3. Determine Your Boundaries for the Negotiation
Negotiation experts write that there are a few tools you can use to determine your boundaries for the negotiation—specifically, when you’d walk away from a negotiation, your minimum conditions for a deal, and the range of outcomes that would be acceptable to both you and your counterpart.
Find Your BATNA and Learn When to Walk Away
Fisher and Ury write that one tool to prepare for a negotiation is to determine your best alternative to a negotiated agreement (BATNA). Knowing your BATNA helps you decide when and whether it’s better to accept the deal or to walk away.

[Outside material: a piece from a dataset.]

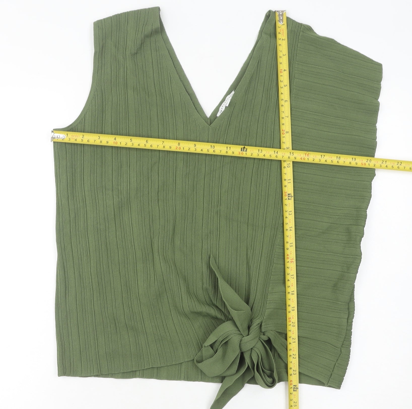 Women’s Green Size 12 Wrap Tie Asymmetrical Sleeveless Blouse

RV and ZOPA: Finding You and Your Counterpart’s Conditions for a Deal
Your reservation value (RV) is the worst deal you’re willing to accept in your current negotiation. For example, this might be the highest price you’re willing to pay or the lowest price at which you’re willing to sell. They recommend figuring out what your counterpart’s RV is as well.
Your zone of possible agreement (ZOPA) is the space between your RV and your counterpart’s. For example, if your lowest selling price is $10,000 and the highest your counterpart’s willing to pay is $15,000, then the ZOPA is between $10,000 and $15,000. This range gives you a more tangible measurement of how much value you can either claim or surrender during a negotiation. To claim the most value, you want to make a deal as close to your counterpart’s RV (their worst potential deal) as possible.

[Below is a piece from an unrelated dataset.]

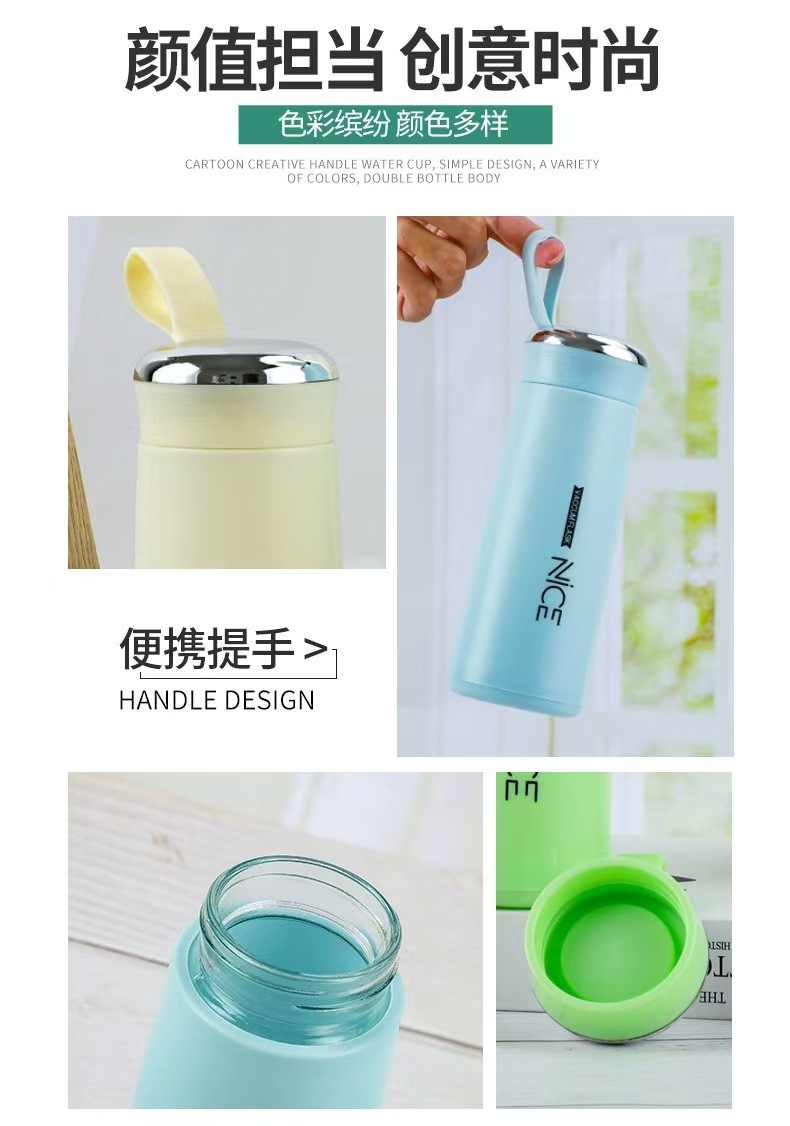 패션 네스 컵 좋은 높은 가치 광고 휴대용 선물 컵을 밀고 배수하는 더블 레이어 유리 플라스틱 유리 컵

4. Know What Type of Negotiator You’re Dealing With
Voss (Never Split the Difference) writes that before you finally get down to the business of negotiating, you need to understand what type of negotiator you’re going up against.
Voss identifies three main types of negotiators: Givers, Calculators, and Aggressives.

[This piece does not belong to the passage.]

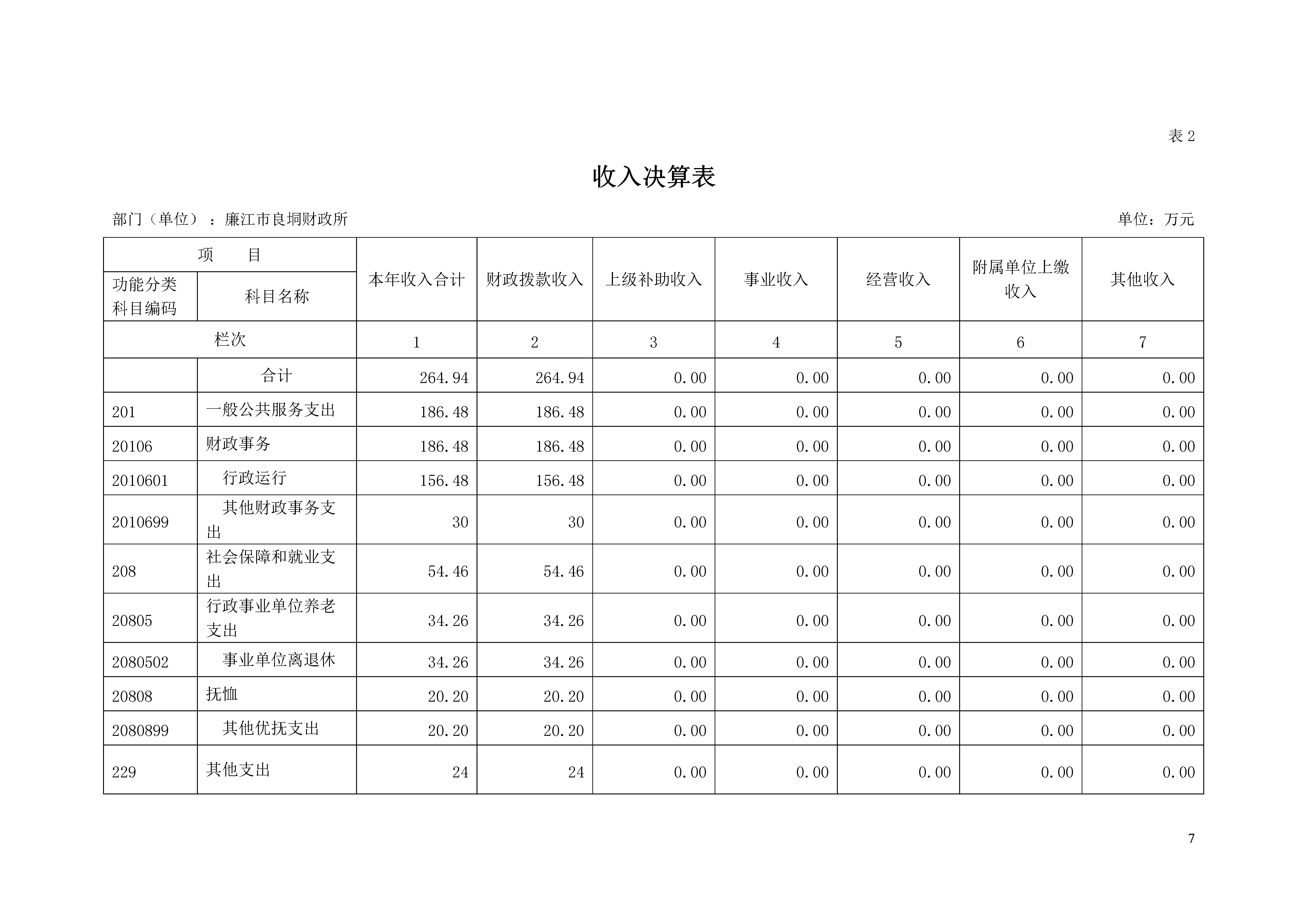 7.附属单位上缴收入0 万元,与上年决算数持平。

Givers are people-pleasers who tend to be highly sociable and agreeable—but also poor time managers. They’ll often agree to things that they can’t actually follow through on, since they’re so eager to make you happy. When dealing with a giver, Voss recommends focusing on implementation—getting details on how and when they’ll actually follow through on their commitments.
Calculators are methodical and diligent people who want to assess all the facts before committing to a decision. As a result, they’re fairly unconcerned with time and less likely to be pressured by deadlines. When dealing with a Calculator, Voss recommends using clear, unambiguous data to back up your assertions. Also, don’t ad-lib, and avoid giving them any surprises.
Aggressives are achievement-oriented people who prioritize getting things done. They hate wasted time and care a lot about meeting—and beating—deadlines. According to Voss, aggressives can be especially vulnerable to time pressures, since the biggest defeat to them is making no deal at all. If you can back them into a corner where they’re facing a deadline, you’ll be in a great position to dictate the terms.
Ury and Fisher (Getting to Yes) identify a similar type of negotiator to Voss’s Aggressives: Hardball negotiators. They offer suggestions for how to handle them.
Hardball negotiators view negotiation as a contest they must win. Their strategy is to take the toughest positions and hold out the longest. Their win-at-any-cost approach exhausts energy and resources and ruins their relationship with the other side. Ury and Fisher write that one of the most effective ways to counter this tactic is to simply call attention to it at the outset. Doing so will blunt the effectiveness of your counterpart’s bluster and cause them to worry that they’ve overplayed their hand and alienated you. As a result, they may drop it.